Avant l’apparition de la révolution technique qui est au centre de notre analyse, l’échographie du fœtus humain (on sait que la Sécurité Sociale rembourse en France trois examens, un par trimestre de la grossesse) produisait des images en 2D, en noir et blanc, parfaitement illisibles pour le non spécialiste. La lecture des images était réservée à l’échographiste, sollicitant donc la confiance et l’adhésion des futurs parents de l’enfant à naître.

Voici deux images (Fig. 2 et 3) représentatives de cette technique, encore aujourd’hui largement répandue :

Fig. 2

Fig. 2

Fig. 3

Fig. 3

Si le fœtus (Fig. 3) est globalement bien visible et aussi les volutes du cordon ombilical sur cette image obtenue au cours du dernier trimestre de la grossesse, seul le médecin peut y détecter d’éventuelles malformations, tout en repérant les preuves morphologiques du sexe du fœtus.

Note de bas de page 1 :

En 1998 eut lieu à Cerisy une décade consacrée à Linguistique et psychanalyse au cours de laquelle intervinrent Françoise Cahen, François Farges, Irène Fenoglio, Nadine Ninin & Jean-Louis Sarradet (Groupe Echo) proposant une analyse de paroles autour d’images échographiques. Cette communication fut publiée dans les Actes de la décade, voir Fenoglio (2001).

Un groupe interdisciplinaire, le groupe Écho1 (formé de linguistes, de psychanalystes et de médecins échographistes) a analysé les échanges entre les parents et le médecin lors des examens.
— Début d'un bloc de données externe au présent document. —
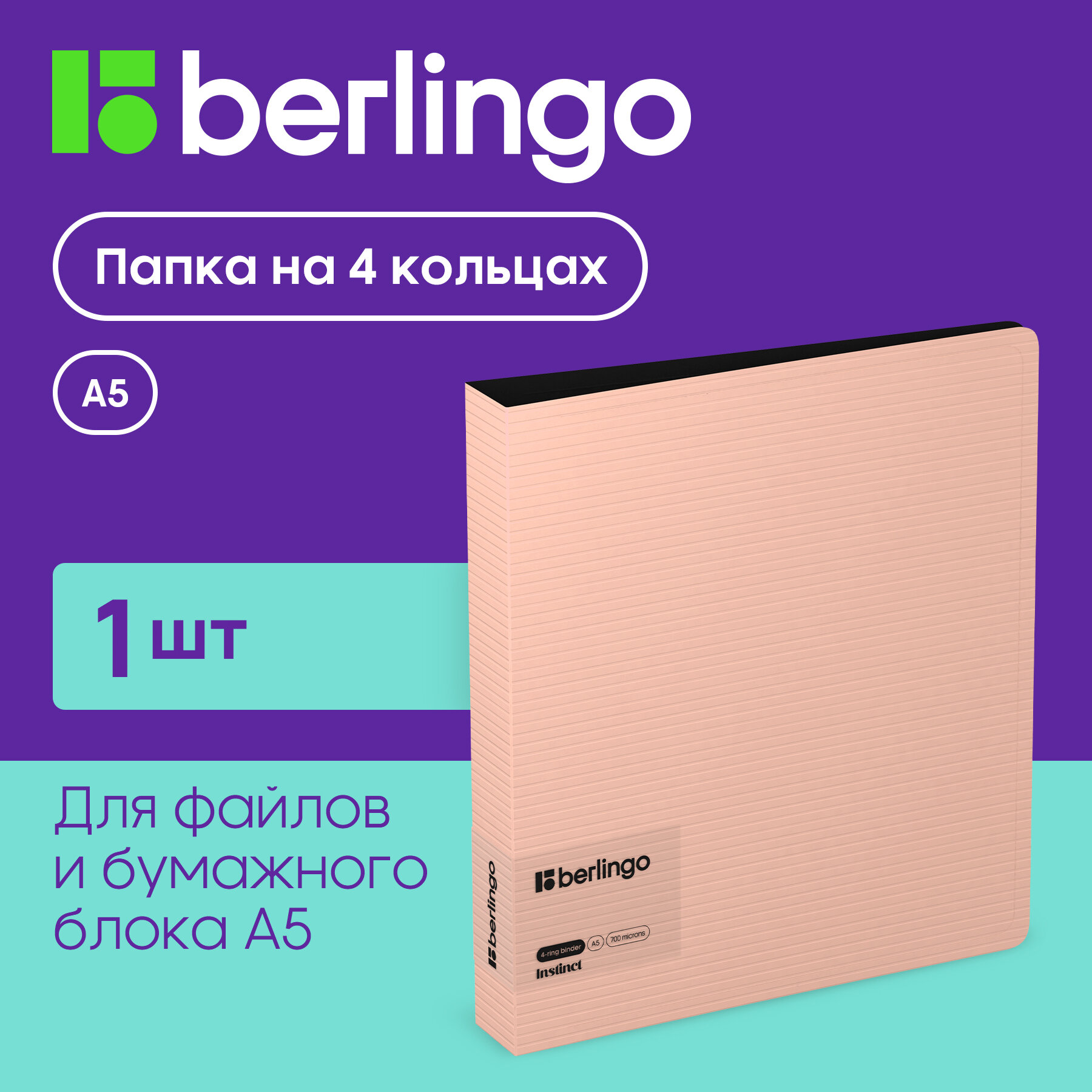 Купить Папка на 4 кольцах Berlingo "Instinct" А5, 35мм, 700мкм, D-кольца, с внутр. карманом, фламинго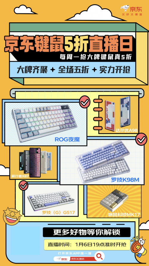 1月6日周一晚7点,京东3C数码采销直播间将开启键鼠5折直播,精选罗技、ROG、达尔优、前行者等知名品牌多款客制化键盘爆品,并为消费者带来限时限量5折抢的福利,先到先得,抢完即止!此外,未来每周一的晚7点,京东采销都将携手品牌带来键鼠5折抢的直播福利,让广大消费者都有机会低价入手心仪的键鼠好物。感兴趣的用户记得打开京东APP搜索“3C数码采销直播间”,机会难得千万不要错过。下面来看看京东这次具体会带来哪些键鼠好物吧。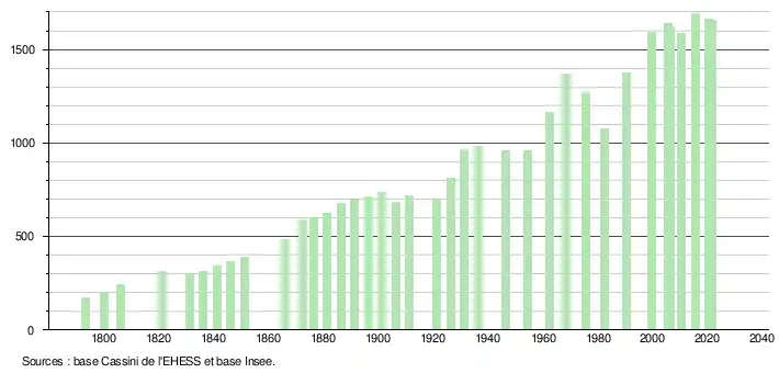 L'évolution du nombre d'habitants est connue à travers les recensements de la population effectués dans la commune depuis 1793. Pour les communes de moins de 10 000 habitants, une enquête de recensement portant sur toute la population est réalisée tous les cinq ans, les populations légales des années intermédiaires étant quant à elles estimées par interpolation ou extrapolation[26]. Pour la commune, le premier recensement exhaustif entrant dans le cadre du nouveau dispositif a été réalisé en 2005[27].

Renvoyant le lecteur au détail de cette analyse très enrichissante, nous retiendrons l’importance de l’impact des examens échographiques sur le vécu de la grossesse, tant du côté de la mère que du père : infléchissement du choix du prénom, assomption, chez le père de la filiation, surcroît d’impatience, chez la mère, de la naissance impatience décuplée par l’insuffisance de la vision et la frustration de ne pouvoir toucher l’enfant.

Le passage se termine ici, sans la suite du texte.